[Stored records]
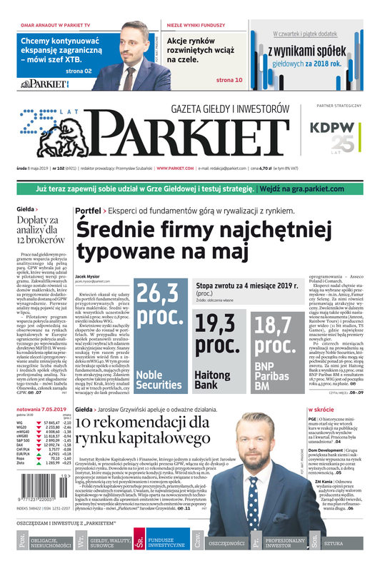 Największy w Polsce newsroom gospodarczy zbiera, analizuje i zgłębia dla Państwa najważniejsze informacje ze świata finansów. Codzienne wydanie „Parkietu”, sześć dni w tygodniu, to kilkadziesiąt artykułów o emitentach, instytucjach finansowych, gospodarce. To również opinie, felietony i wywiady z najważniejszymi ludźmi krajowej i globalnej finansjery.
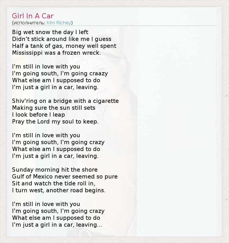 А как ты думаешь, о чем песня "Girl In A Car" ?
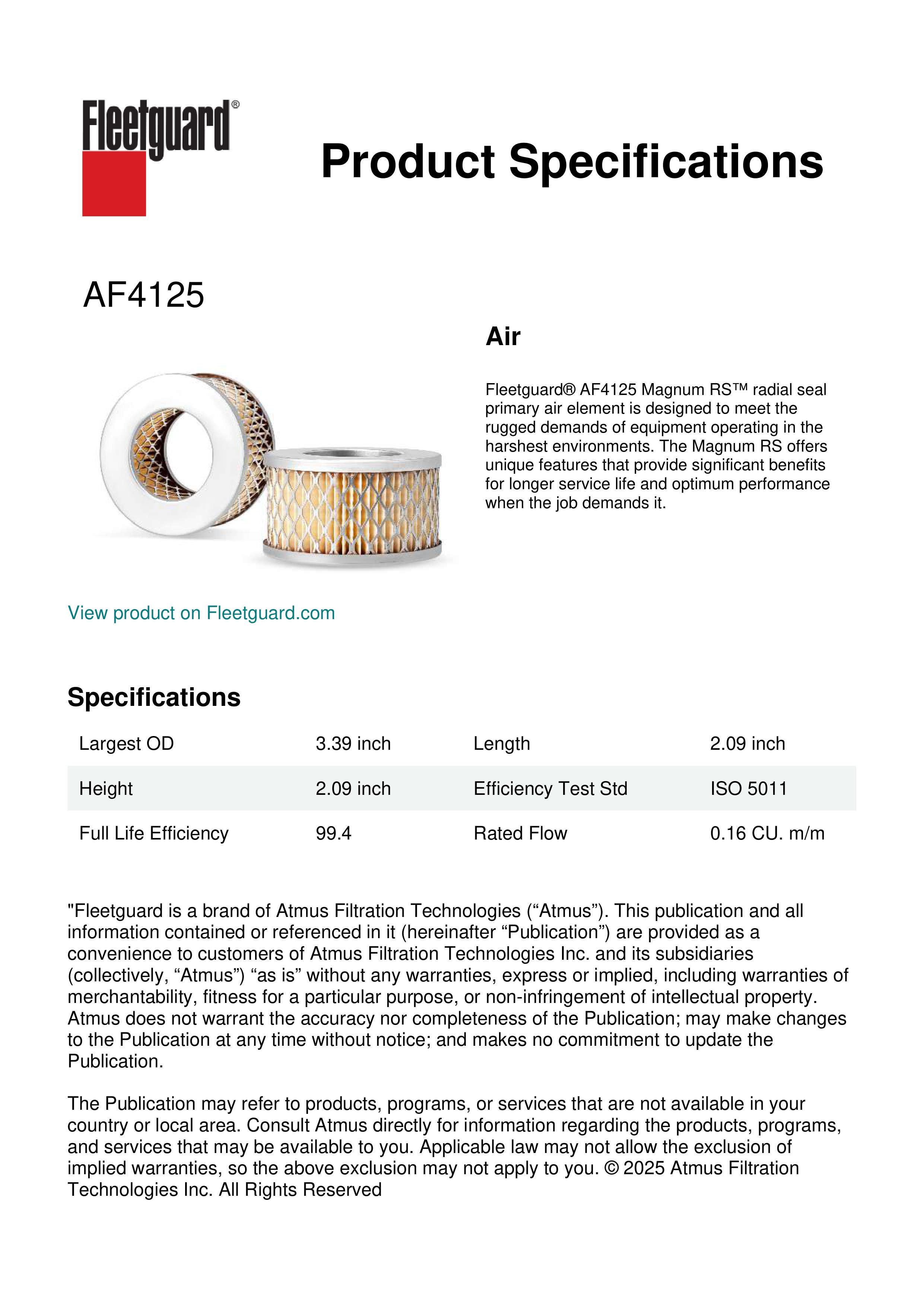 Fleetguard® AF4125 Magnum RS™ radial seal primary air element is designed to meet the rugged demands of equipment operating in the harshest environments. The Magnum RS offers unique features that provide significant benefits for longer service life and optimum performance when the job demands it.Specification
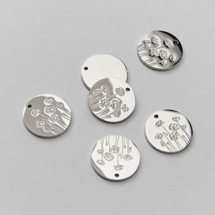 Zawieszka ze stali chirurgicznej kółko z grawerem kwiatów maków w kolorze srebrnym 13mm
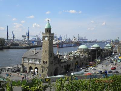 Sバーンのランドゥングスブリュッケン駅でおり、丘の上に続く階段を上っていくと、アルターエルプ公園の一角にでます。この公園の「ブドウ畑のテラス」からは、ハンブルク港の素晴らしい眺めを楽しむことができます。また、この公園を北の方に進んでいくと、ドイツ最大といわれるビスマルク像がたっています。ただ、像の台座に落書きがたくさんあり、ちょっと残念でした。
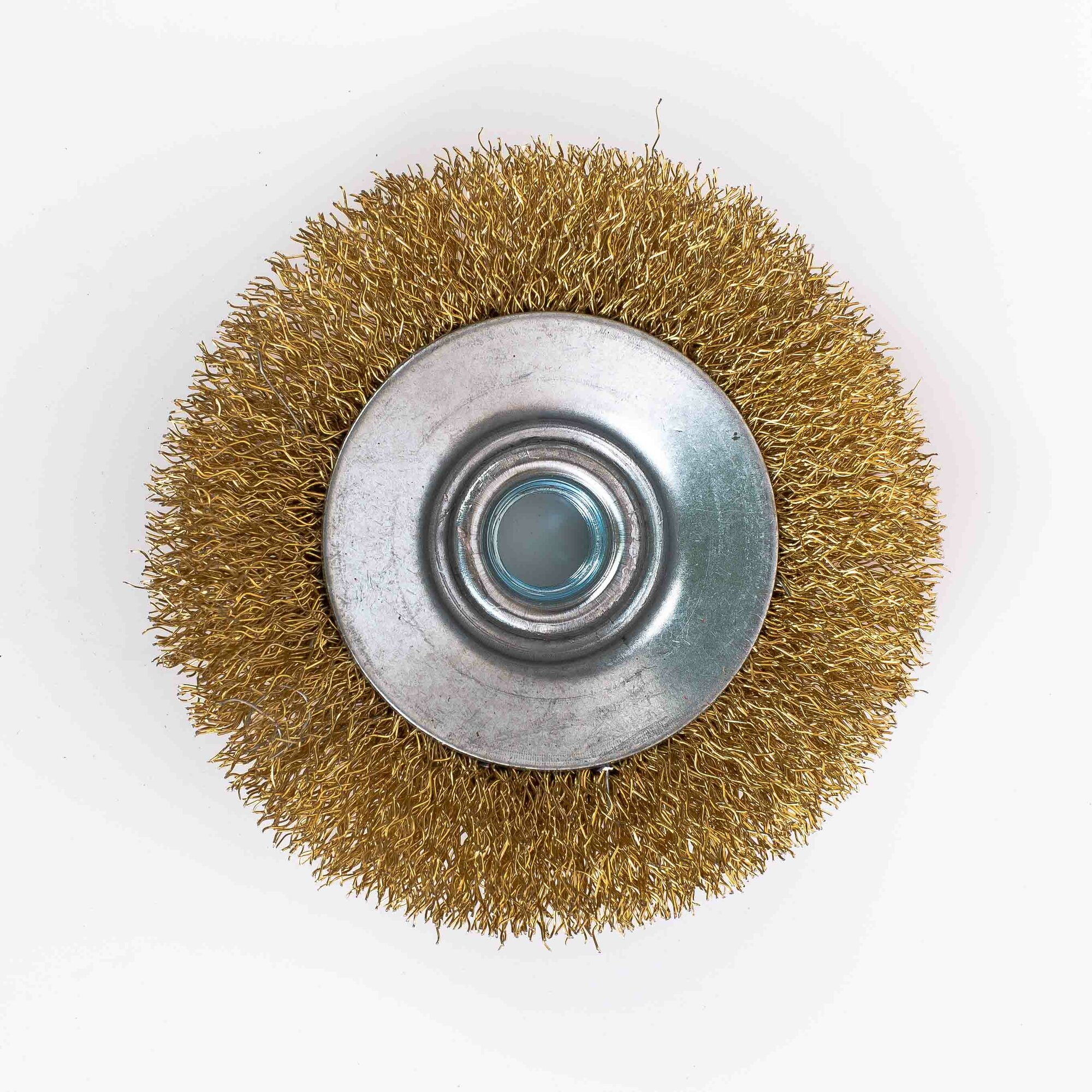 10 цен на Корщетка на УШМ Тарелка (115мм) Гайка М14, латунированная проволока, IP-115

» **EXERCISE INSTRUCTIONS**
Starting at the line that contains "Zawieszka ze stali", reproduce every line through the last one in the records exactly, and omit all pictures.

» **RESULT FOR THIS TASK**
 Zawieszka ze stali chirurgicznej kółko z grawerem kwiatów maków w kolorze srebrnym 13mm
 Sバーンのランドゥングスブリュッケン駅でおり、丘の上に続く階段を上っていくと、アルターエルプ公園の一角にでます。この公園の「ブドウ畑のテラス」からは、ハンブルク港の素晴らしい眺めを楽しむことができます。また、この公園を北の方に進んでいくと、ドイツ最大といわれるビスマルク像がたっています。ただ、像の台座に落書きがたくさんあり、ちょっと残念でした。
 10 цен на Корщетка на УШМ Тарелка (115мм) Гайка М14, латунированная проволока, IP-115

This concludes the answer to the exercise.